From “Why ‘Intelligent Design’ Lacks Intelligence (The Daily Enlightenment Book 3)” – “Ironically, if it is a rule that ‘there must be a creator’, it means that this uncreated rule precedes the ‘creator’. This rule, being a law of nature, implies that nature precedes the ‘creator’, that no ‘creator’ can precede nature. Since nature precedes the ‘creator’, the ‘creator’ is of course not the ‘creator’ of nature. This simple proof shows that no one can create nature, and that there can be no ‘creator’.” Nature thus naturally ‘is’, while it allows for natural and willed (d)evolution of its inhabitants and the universe itself.

A ‘creator’ by definition is not the created. But what if there is a ‘creator’ who is part of nature? If ‘he’ is part of nature, how can ‘he’ create it? For instance, a painted character in a painting cannot paint the whole painting, that includes ‘himself’. The painter cannot be (part of) that painted. The painter must precede the painting, just as the ‘creator’ before nature. Yet, there cannot be a ‘creator’ who precedes nature, as shown by the proof in the excerpt. And if a ‘creator’ is already part of nature, there will be no need (or ability) to create nature. This again proves there can be no ‘creator’.

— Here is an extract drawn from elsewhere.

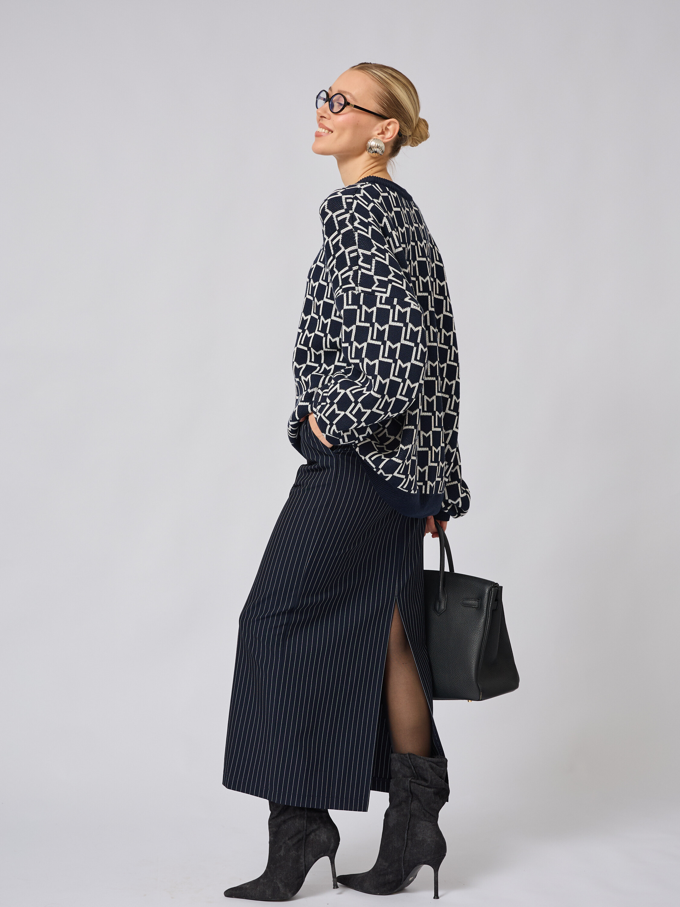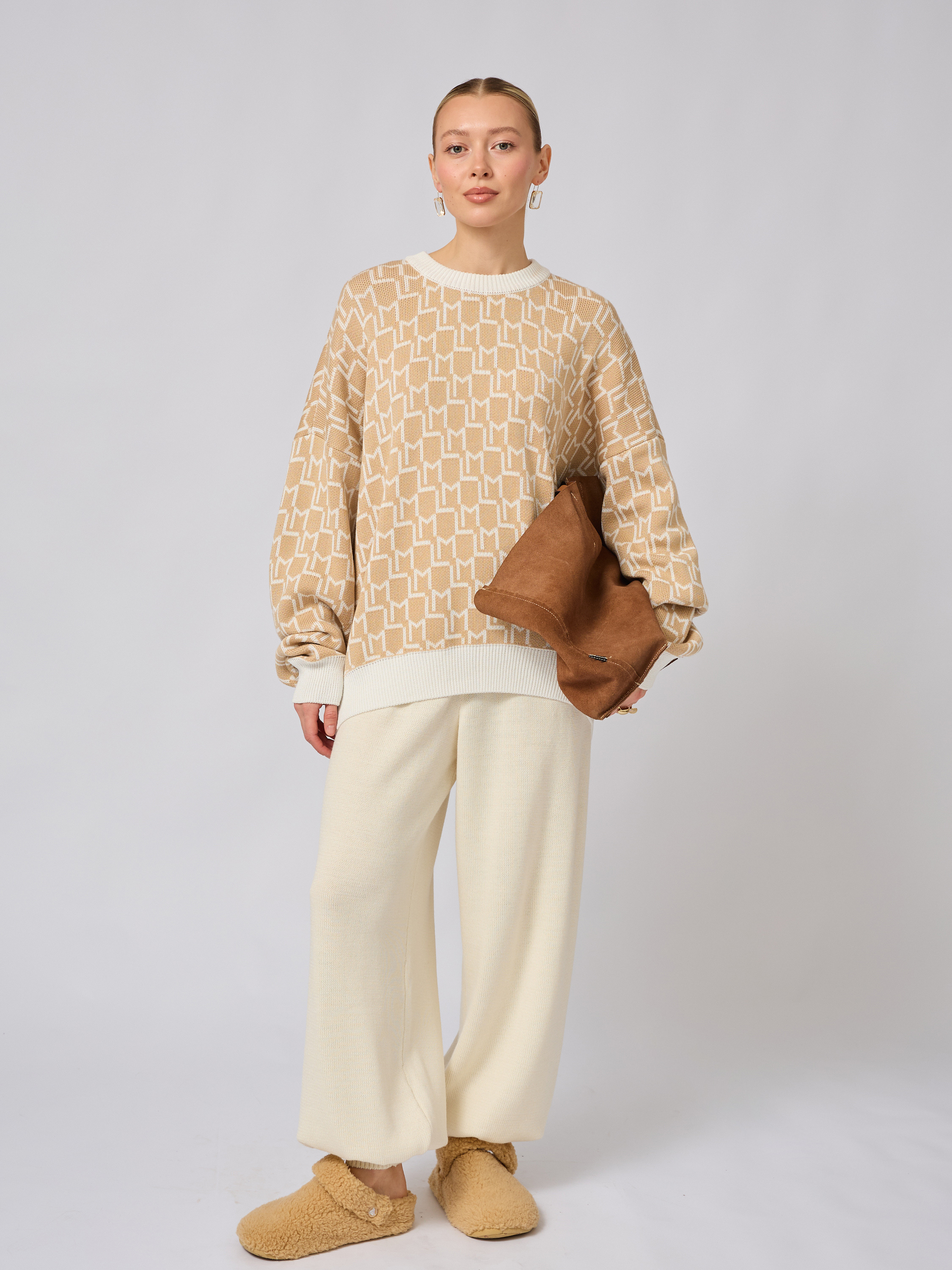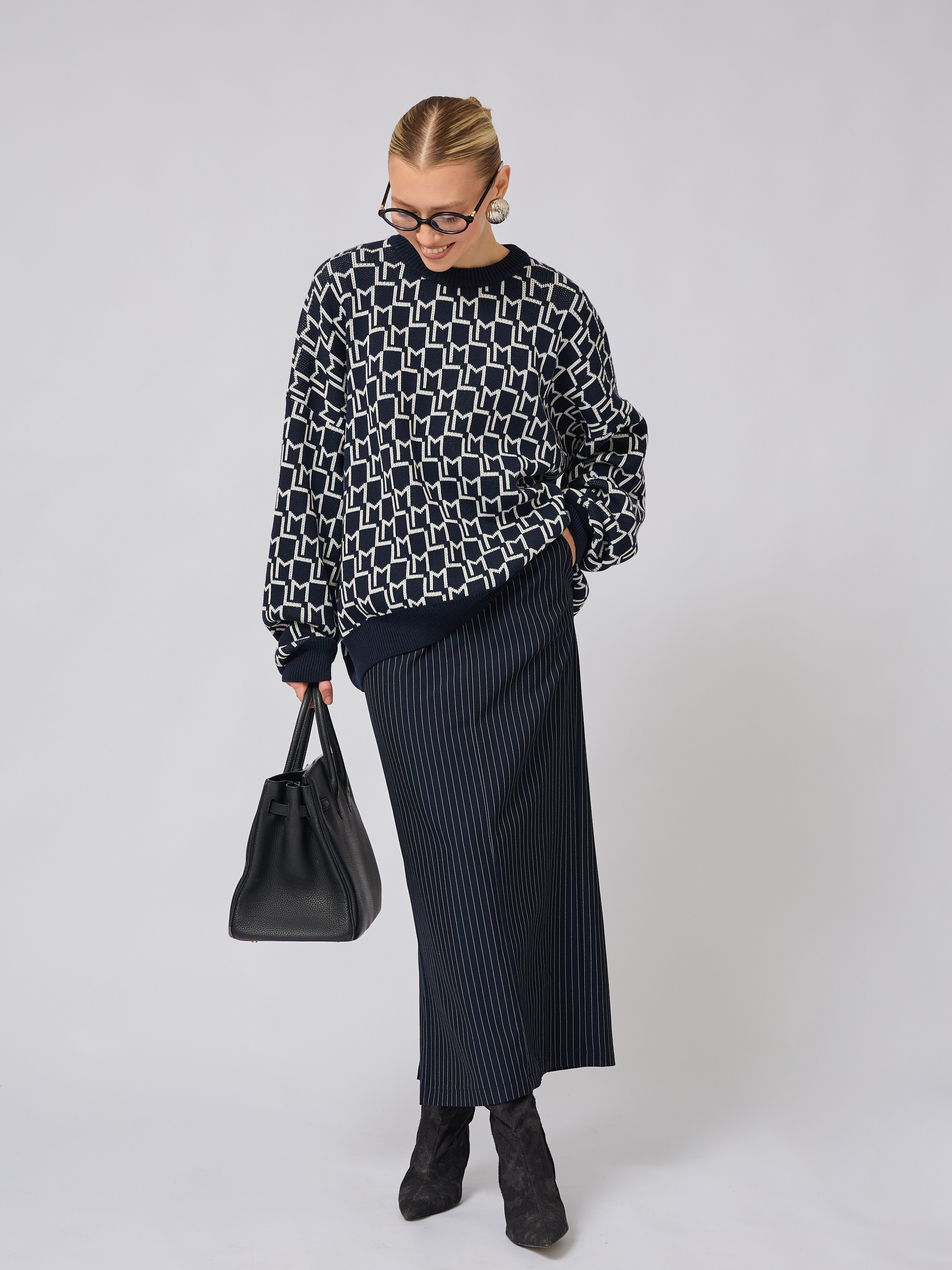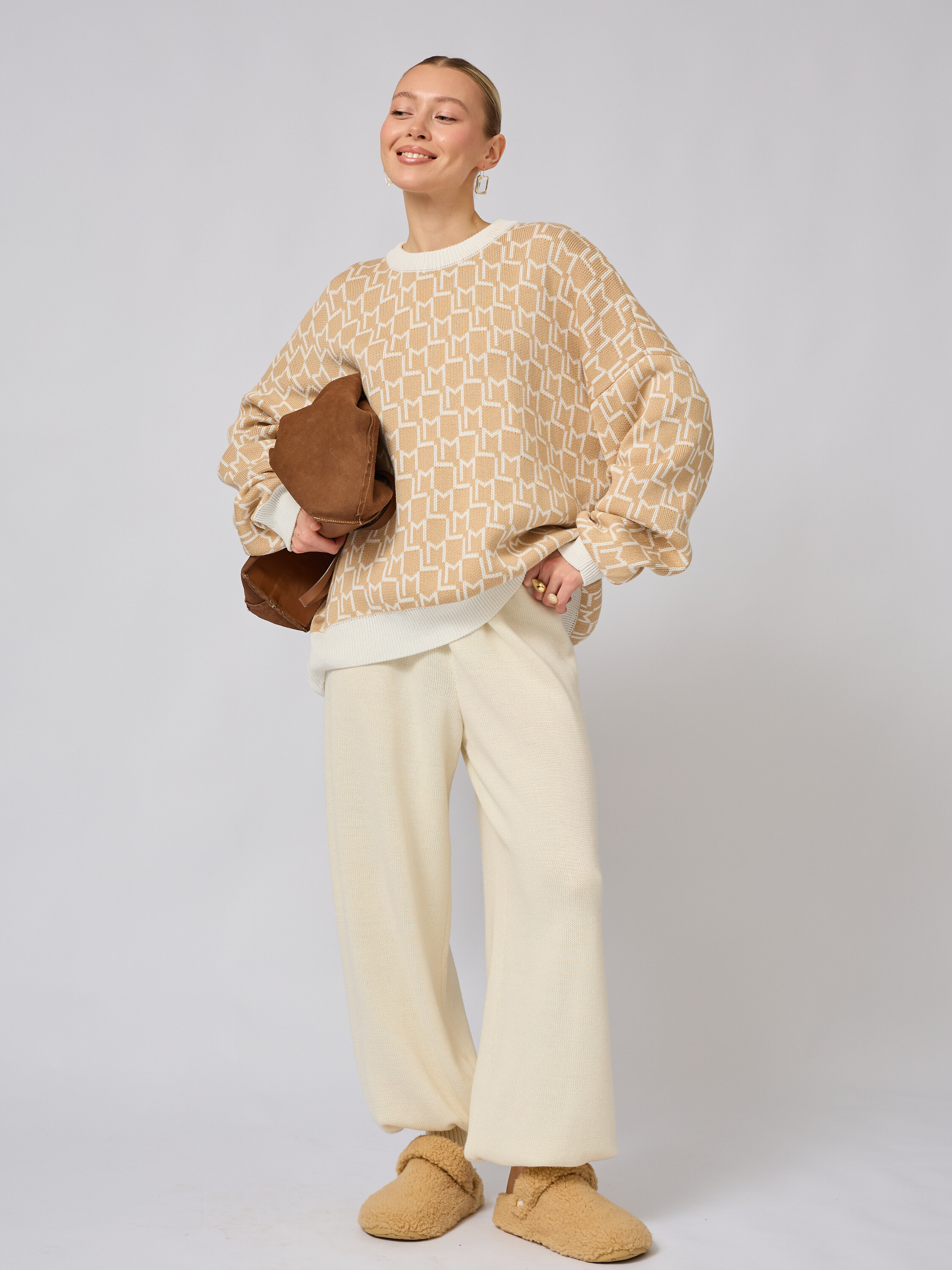 Этот женский джемпер выполнен из мягкой хлопковой и акриловой пряжи, что обеспечивает теплоту и комфорт в демисезонный период. Дизайнерский двухцветный узор с аккуратным логотипом придает изделию модный вид и подчеркивает стильные декоративные элементы. Свободного кроя с длинным рукавом и удлиненным низом, он отлично держит форму благодаря вязанию с переплетением высокой плотности. Уютный свитер без горла обладает формоустойчивой структурой, которая сохраняет аккуратный внешний силуэт даже после многочисленных циклов стирки. Мягкая основа изделия образует гладкий на ощупь материал, который не образует катышков и гипоаллергенен. Манжеты на рукавах и внизу создают эффект аккуратного завершения, а длинный свободный рукав добавляет удобства и практичности. Такой теплый свитер легко сочетать с разными моделями юбок, брюк, становясь незаменимой частью гардероба тех, кто ищет стильную вещь для создания нарядного образа в сочетании с модными тенденциями. Базовый синий цвет гармонично дополняется молочными элементами, что придает изделию легкую дизайнерскую изюминку. Благодаря составу из хлопка и акрила вещь отличается износоустойчивостью и легкостью ухода. Такой джемпер подходит для активной жизни — он сохраняет форму и внешний вид даже после длительного ношения. Свободного кроя модель создает эффект объемного oversize силуэта, подчеркивая индивидуальность каждой женщины. Длинный рукав позволяет чувствовать себя уютно в прохладное время года, а отсутствие горла делает дизайн более современным и универсальным. Вязаная структура изделия формирует приятную текстуру за счет использования мягкой пряжи высокого качества. Этот женский джемпер станет отличным выбором для тех, кто ценит удобство в сочетании с нарядностью и модным внешним видом. Он идеально подходит для повседневной носки или особых случаев благодаря тщательно продуманному дизайну и качественному составу материалов.

Also, to say a ‘creator’ is part of nature means ‘his’ essence is (omnipresent) within nature. The immeasurable suffering due to countless natural disasters in history however implies that if such a ‘creator’ exists, ‘he’ is not omnipotent, omni-benevolent or omniscient, as ‘he’ fails (to know how) to prevent any disaster with ‘his’ power, compassion and wisdom. Are we, if we are the created, instead to blame for such suffering? Surely, the inherent faults or fallibility of a ‘creator’s creation’ arise from the ‘maker’, and not from the created. So it seems, as the Buddha suggested, such a ‘creator’ idea was created from the lack of enlightenment.

We (re)create ourselves and the universe
from moment to moment with our
individual and collective thoughts, words and deeds.

- Stonepeace

He who has eyes can see the sickening sight;
Why does not Brahma [equivalent to creator God idea] set his creatures right?
If his wide power no limit can restrain [if he is omnipresent and omnipotent],
Why is his hand so rarely spread to bless?
Why are all his creatures condemned to pain?
Why does he not to all give happiness?
Why do fraud, lies, and ignorance prevail [if he is omni-benevolent]?
Why triumphs falsehood — truth and justice fail?
I count your Brahma one the unjust among
Who made a world in which to shelter wrong.

- Bhuridatta Jataka, No. 453

If there exists some lord all-powerful to fulfill
In every creature bliss or woe, and action good or ill,
That lord is stained with sin.
The human being does but work his will.

– Mahabodhi Jataka, No. 528

Related Articles:

Should We Compare Religions?
http://thedailyenlightenment.com/2010/12/should-we-compare-religions
Why ‘Intelligent Design’ Lacks Intelligence
http://groups.yahoo.com/group/thedailyenlightenment-realisation/message/221
How the Goldilocks Effect Affects You
http://groups.yahoo.com/group/thedailyenlightenment-realisation/message/305
Was the Buddha a Free-Thinker?
http://thedailyenlightenment.com/2010/11/was-the-buddha-a-free-thinker
Coldness, Darkness & Poor Reasoning
http://moonpointer.com/new/2010/02/cold-darkness-poor-reasoning

11 Responses to “Did The Universe Have A Creator?”

  1. avatar

    My 2 cents worth..

    I think the article has a lot of play of words, logical and philosophical positioning..

    In the Kalama sutta the Buddha told us not to go by logical deduction, instead to use our own experience, what we can observe and reasons.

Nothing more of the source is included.